> **Work instruction**
What follows is a listing; repeat exactly, and only, its lines from the one holding "研究では、広く使われている「" through the last, leaving any pictures out.

> **Data block**
[Start of section]

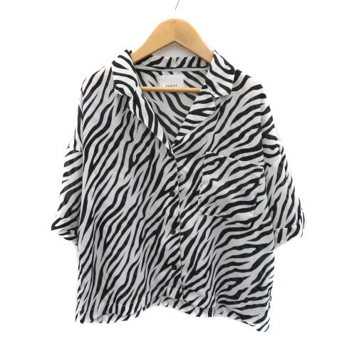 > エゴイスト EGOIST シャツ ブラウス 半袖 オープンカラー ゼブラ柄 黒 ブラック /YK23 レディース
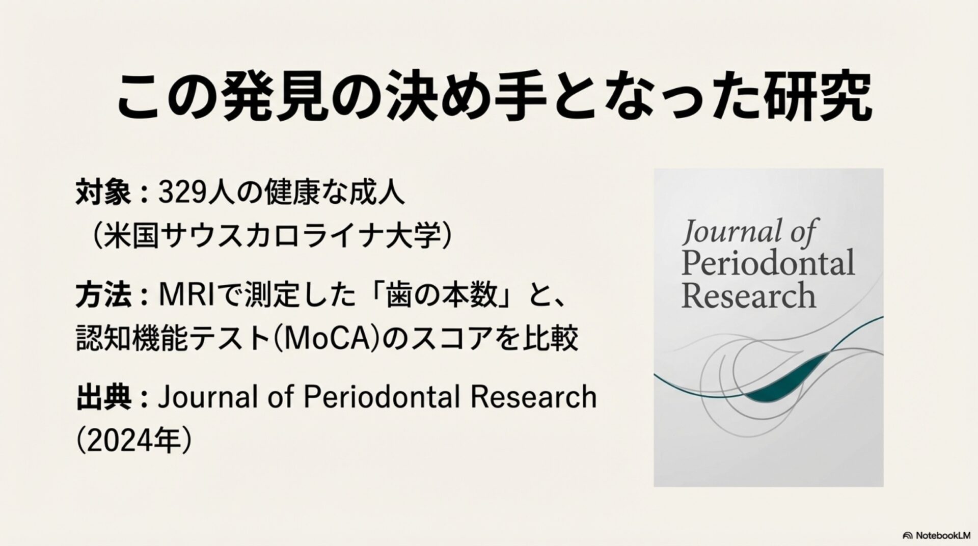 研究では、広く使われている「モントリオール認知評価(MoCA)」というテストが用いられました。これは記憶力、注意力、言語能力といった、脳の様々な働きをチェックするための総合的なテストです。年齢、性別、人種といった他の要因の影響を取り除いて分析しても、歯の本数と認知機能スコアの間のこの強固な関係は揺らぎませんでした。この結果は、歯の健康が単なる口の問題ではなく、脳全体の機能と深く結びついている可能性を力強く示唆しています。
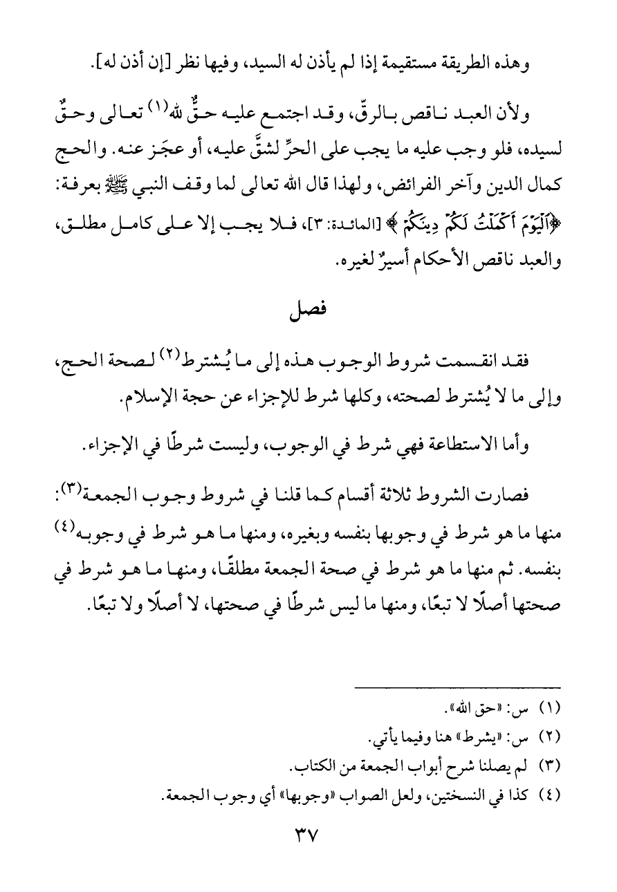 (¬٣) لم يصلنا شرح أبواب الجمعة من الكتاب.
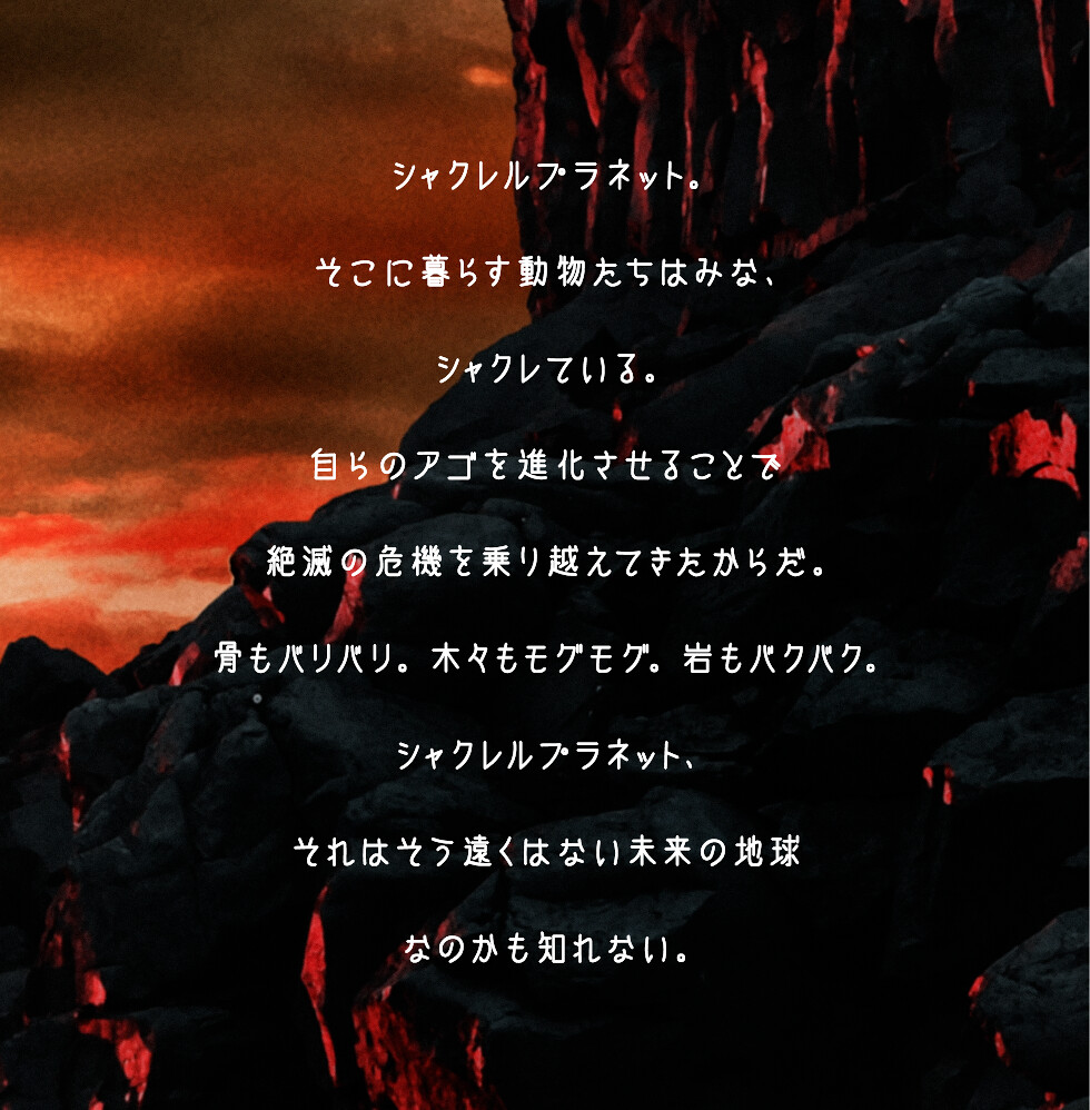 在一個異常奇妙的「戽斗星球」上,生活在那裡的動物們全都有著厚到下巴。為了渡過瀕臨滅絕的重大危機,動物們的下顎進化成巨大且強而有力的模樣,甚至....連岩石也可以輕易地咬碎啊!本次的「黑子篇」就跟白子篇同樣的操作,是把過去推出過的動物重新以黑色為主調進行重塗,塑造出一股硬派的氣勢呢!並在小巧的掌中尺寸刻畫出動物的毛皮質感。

[End of section]

> **Response to this exercise**
 研究では、広く使われている「モントリオール認知評価(MoCA)」というテストが用いられました。これは記憶力、注意力、言語能力といった、脳の様々な働きをチェックするための総合的なテストです。年齢、性別、人種といった他の要因の影響を取り除いて分析しても、歯の本数と認知機能スコアの間のこの強固な関係は揺らぎませんでした。この結果は、歯の健康が単なる口の問題ではなく、脳全体の機能と深く結びついている可能性を力強く示唆しています。
 (¬٣) لم يصلنا شرح أبواب الجمعة من الكتاب.
 在一個異常奇妙的「戽斗星球」上,生活在那裡的動物們全都有著厚到下巴。為了渡過瀕臨滅絕的重大危機,動物們的下顎進化成巨大且強而有力的模樣,甚至....連岩石也可以輕易地咬碎啊!本次的「黑子篇」就跟白子篇同樣的操作,是把過去推出過的動物重新以黑色為主調進行重塗,塑造出一股硬派的氣勢呢!並在小巧的掌中尺寸刻畫出動物的毛皮質感。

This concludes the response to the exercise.